4. Completion and artifact:
After the remote agents (flight search and stay search agents) finish their tasks they will send their artifacts back to the planner.
This is how they look:
{
“id”: “12113c25-b752-473f-977e-c9ad33cf4f56”,
“jsonrpc”: “2.0”,
“result”: {
“artifacts”: [{
“artifactId”: “08373241-a745-4abe-a78b-9ca60882bcc6”,
“name”: “flight_search_result”,
“parts”: [{
“kind”: “text”,
“text”: “Here is the cheapest flight from hyd to delhi: Flight xyz on April 12th starts at 10.00 PM from hyd”
}]
}],
“contextId”: “e329f200-eaf4-4ae9-a8ef-a33cf9485367”,
“history”: [previous turns history],
“id”: “58124b63-dd3b-46b8-bf1d-1cc1aefd1c8f”,
“kind”: “task”,
“status”: { “state”: “completed”}
}
}
Finally, the travel planner agent will collect all the results. If required, it will complete any remaining tasks and then will provide the final response back to the user.
This is exactly where A2A helps; the agents discover each other dynamically, delegate tasks intelligently and collaborate when needed.

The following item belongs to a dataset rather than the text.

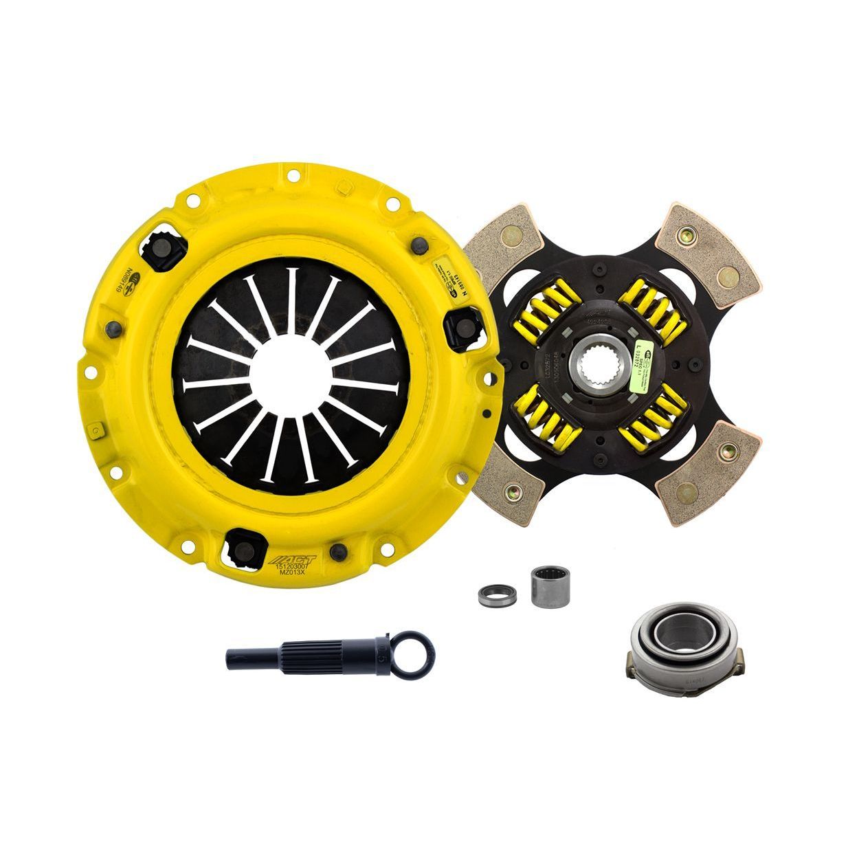ZX2-XTG4 kit features an Xtreme pressure plate for the most demanding driver. ACT Xtreme pressure plates use exclusive diaphragm design to increase clamp load, reduce deflection and maximize clutch life. All diaphragms endure a four-stage, heat-treating process for unparalleled performance. ACT pressure plates have precision cover stampings to provide rigidity and consistency. ACT's 4-pad spring-centered race disc features a spring-center construction to properly damp torsional vibrations for quieter operation and resist failure even under harsh conditions. ACT spring retainers utilize wraparound spring windows and thicker retainer stampings to provide spring support, reduce stress concentrations, and increase strength and reliability. With the 4-pad spring-centered race disc, engagement is harsher, but shifting is faster. ACT's 4-pad spring-centered race disc is well-suited for smaller disc sizes in smaller engines.

Limitations of A2A Architecture:
While it brings structure and interoperability to multi agent systems, A2A AI architecture comes with some trade-offs that you feel in real time. Here are the key ones-
- Adds complexity and overhead: A2A architecture turns simple agent calls into a complete A2A protocol for AI agents call full of tasks, artifacts, updates and complete lifecycle management. While it enables good coordination and structured implementation, it adds latency and boiler plate compared to plain API calls. For quick single turn tasks using Google A2A architecture is too much.
- Performance and latency hits: Streaming with SSE is good for progress or updates, but chaining multiple agents means multiple network calls. In low latency scenarios, this overhead hurts. Because handoffs cross network boundary – retries, timeouts, schema validation and state syncing all add up.
- Not ideal for every use case: If your system is simple or involves a single agent then implementing Google A2A architecture is overkill. It perfectly works in multi-agent orchestration but adds unnecessary overhead for smaller setups.
At the bottom line, A2A AI architecture trades simplicity and raw speed for structure, traceability and interoperability. You get cleaner handoffs, but you pay in complexity, latency and infrastructure setup. So, if you are building anything that includes multi-vendor setup, multi-agent orchestration, the trade-offs are usually worth it. But if you have simple tasks then implementation of Google A2A architecture in your system will add overhead and simply unnecessary.
Summary and Key Takeaways:
Agent-to-agent AI architecture is a powerful design pattern and open-sourced protocol that standardizes communication between independent AI agents. It transforms custom integrations into clean, interoperable collaborations which enables truly scalable, modular, and cross platform multi-agent systems.
Key takeaways:
- Google A2A architecture is a communication protocol, not a framework.
- It enables true multi-agent scalability
- Modularity is the core strength
- Tasks are the central unit of work
- Not every system needs A2A AI architecture
- It perfectly fits in multi-agent, multi-vendor ecosystems.